Love fills the air and it’s wedding season, which means opening the closet and pulling on some strides that once looked mint on the dance floor. But that was several years ago. A few Christmas turkeys have expanded your waistline and there’s a moment of truth when your buttocks tell the fabric “ye shall not pass”.
That’s how I felt two weeks ago. After receiving a mysterious phone call from a former Top Gear producer, I drove to Thruxton race circuit where I was invited to step into the familiar white Stig suit that I wore on the show for eight years. My feet went through fine, but then my behind got in the way.
The log-jam didn’t go unnoticed by the 12 or so original Top Gear crew members forming a semi-circle around me. “You’ve shrunk it”, I insisted. “Er, no, we haven’t.” This was the first time I had seen them all at the same time since I left the show in 2010, so I had hoped to make a good impression.
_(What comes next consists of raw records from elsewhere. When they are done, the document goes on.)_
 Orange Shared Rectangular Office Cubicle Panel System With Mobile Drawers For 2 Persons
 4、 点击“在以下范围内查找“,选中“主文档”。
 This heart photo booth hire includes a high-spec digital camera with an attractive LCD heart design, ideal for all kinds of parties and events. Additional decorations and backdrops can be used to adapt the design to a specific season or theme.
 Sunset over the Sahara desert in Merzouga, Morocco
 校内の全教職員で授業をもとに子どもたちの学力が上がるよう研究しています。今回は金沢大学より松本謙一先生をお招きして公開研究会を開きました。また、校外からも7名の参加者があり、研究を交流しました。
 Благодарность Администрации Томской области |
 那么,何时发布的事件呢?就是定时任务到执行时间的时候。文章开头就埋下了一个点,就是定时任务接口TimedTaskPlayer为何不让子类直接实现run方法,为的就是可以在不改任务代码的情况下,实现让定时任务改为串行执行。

I checked the front zip was fully opened and clamped my buttocks tight enough to produce diamonds from coal, but to no avail. I pictured myself strangling my personal trainer. Then, Eureka: I noticed that some imbecile had tied the waist belt at the back and, once it was unfastened, the suit slipped on like a silk glove.
For legal reasons I should point out I that was not reappearing as The Stig. Well, not exactly. I was, however, making a film to promote the arena show “Clarkson, Hammond and May Live”, which was known as “Top Gear Live” until the boys split with the BBC. Yes, it’s all very confusing.
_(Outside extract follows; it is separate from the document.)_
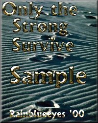 These are the four awards I am currently offering. Feel free to apply for any of them, but not more than one, Please. The only two I award to the same person are the Simple. Beautiful. Love. Award and any one of the others. The Expression At It's Best Award is for websites with exceptional and original content. The Beautiful Site Award is for websites that I believe the authors have conveyed themselves in openly and honestly, pouring thier hearts into. The Lightning Site Award is for websites that the authors have put a LOT of work into some kind unique content. The Simple. Beautiful. Love. Award is for websites that display their love for a boyfriend, fiance, or husband. It must be some type of decation page of you as a couple or of your sweetie, as well as have some small story of your relationship or how you met. The Only The Strong Survive Award is for sites that display a good cause that is being supported, or a hardship that has been endured. The pages must contain appropriate content (I do not tolerate pornography or predjudice!), have no broken links, loading time must be reasonable, and you Must Sign My Guestbook. If
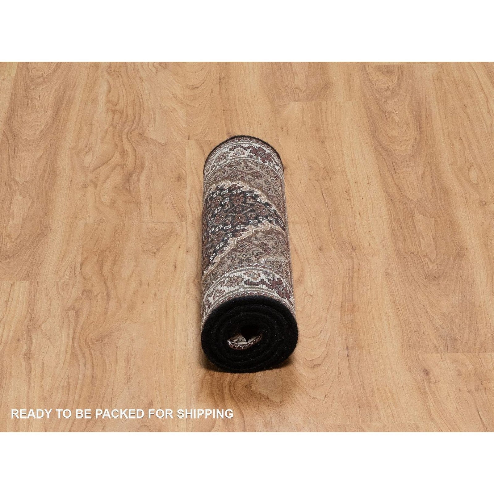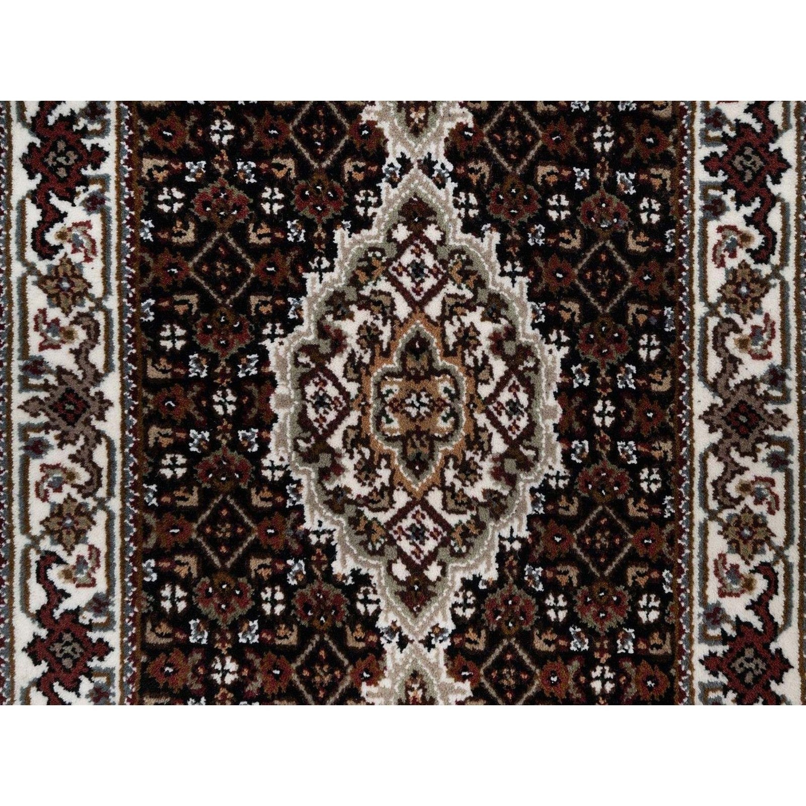 2'X4'2" Black Tebraz Mahi With Medallion Design Wool Hand Knotted Mat Rug

Clarkson, Hammond and May Live
In the parallel universe created for me by Top Gear’s former production team, I was lucky to have clothes at all. My home for the past four years had been garage 22 at Thruxton, where I’d slept rough with my shopping trolley and a case of special brew.
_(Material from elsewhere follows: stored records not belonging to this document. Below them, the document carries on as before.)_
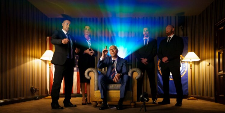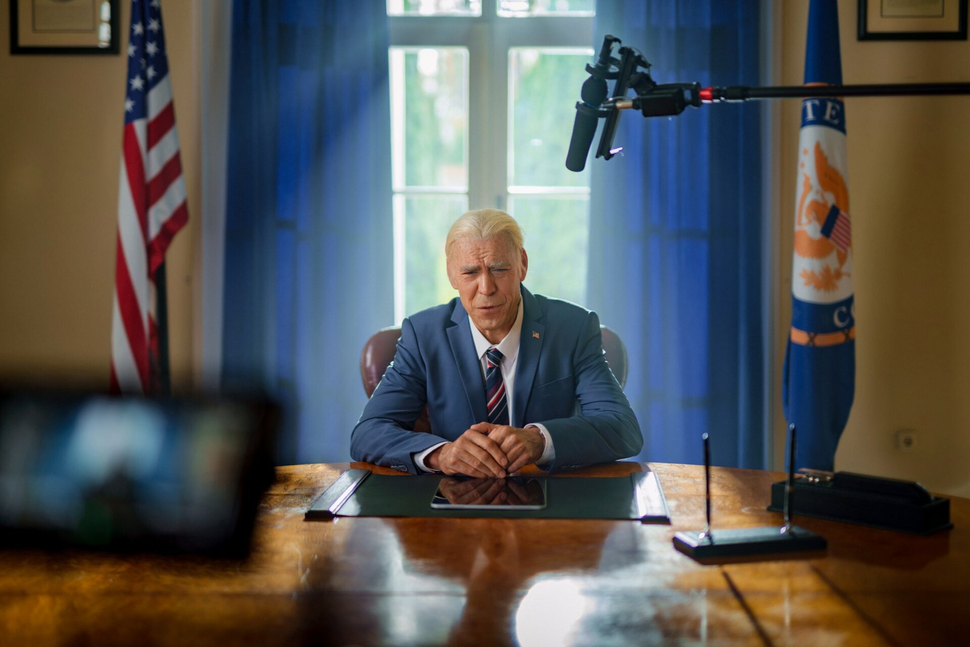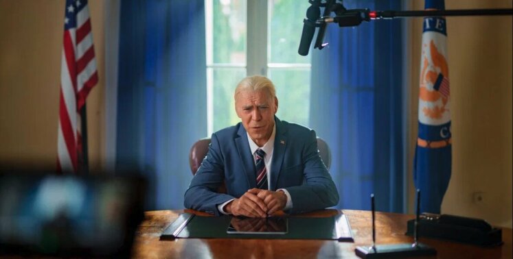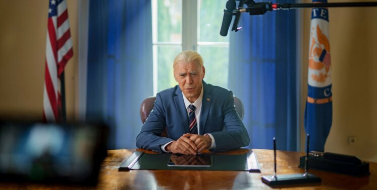 - Роль американского президента Джо Байдена сыграл актер Дмитрий Дюжев. Для перевоплощения он из брюнета превратился в седого сгорбленного дедушку с белоснежными накладными зубами.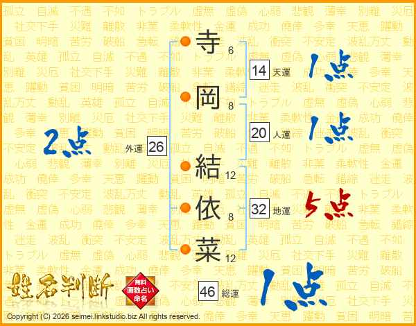 寺(6画)岡(8画) 結(12画)依(8画)菜(12画)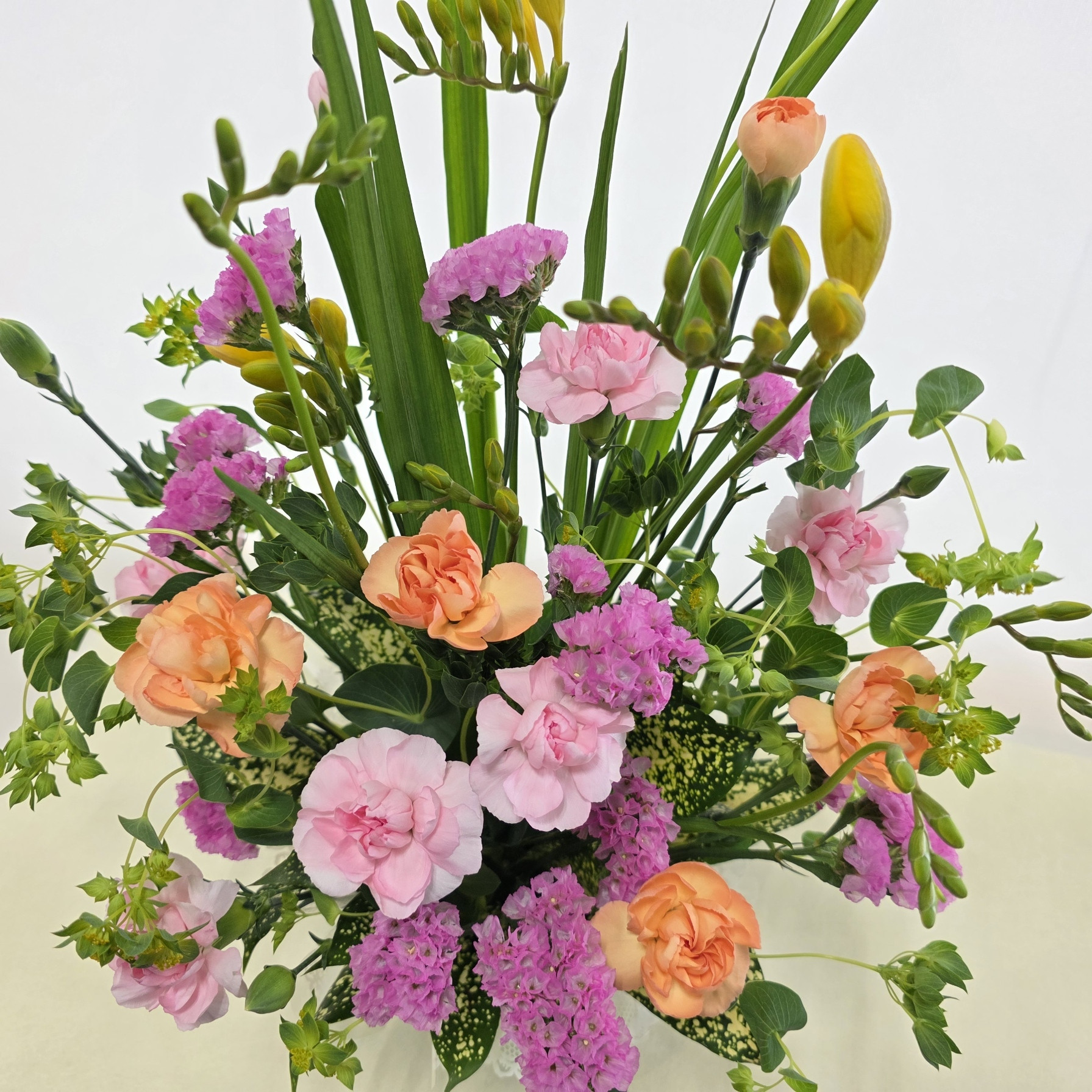 フリージア、ブプレリウム、スターチス、スプレーカーネーション、ゴッドセアナ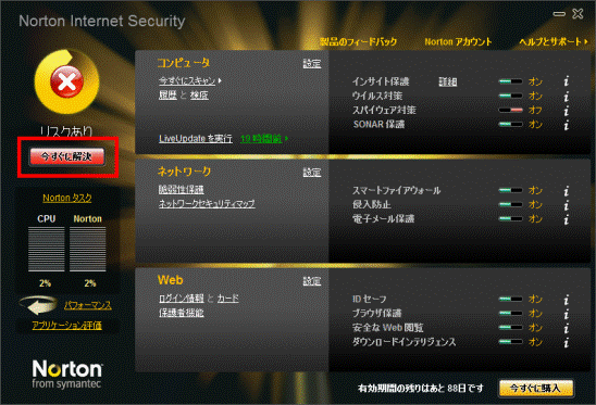 オレンジの「!」が表示されたアイコン / 赤の「×」が表示されたアイコンは、Norton Internet Security 2010のセキュリティ機能が有効に動作していません。

Clarkson was the first of the trio to arrive at the circuit. I hadn’t seen the big man since he called me something that you can’t print in a family newspaper, so I considered slipping on my gum shield just in case.
His tallness loped across, a little greyer, but essentially the same bloke who used to set fire to everything he touched. And while I don’t want to make too big a deal out of a civil handshake and a “top of the morning to ye” because the gesture had already been made, it felt great to be back, if only briefly. Building bridges is one of the most satisfying aspects of being human.
We were eventually joined by two other unemployed people. To be fair, James May has been making cooking videos for the interweb; let’s pray he finds work soon. Meanwhile, Hammond had clearly spent his spare time cultivating a space-age goatee.
I lay on a cardboard box in the fetal position, nursing a bottle of meths through some fingerless white gloves. Phil Churchward, former Top Gear series director, chortled through various takes of my beleaguered state, finally conceding that “this just looks like how you really live”.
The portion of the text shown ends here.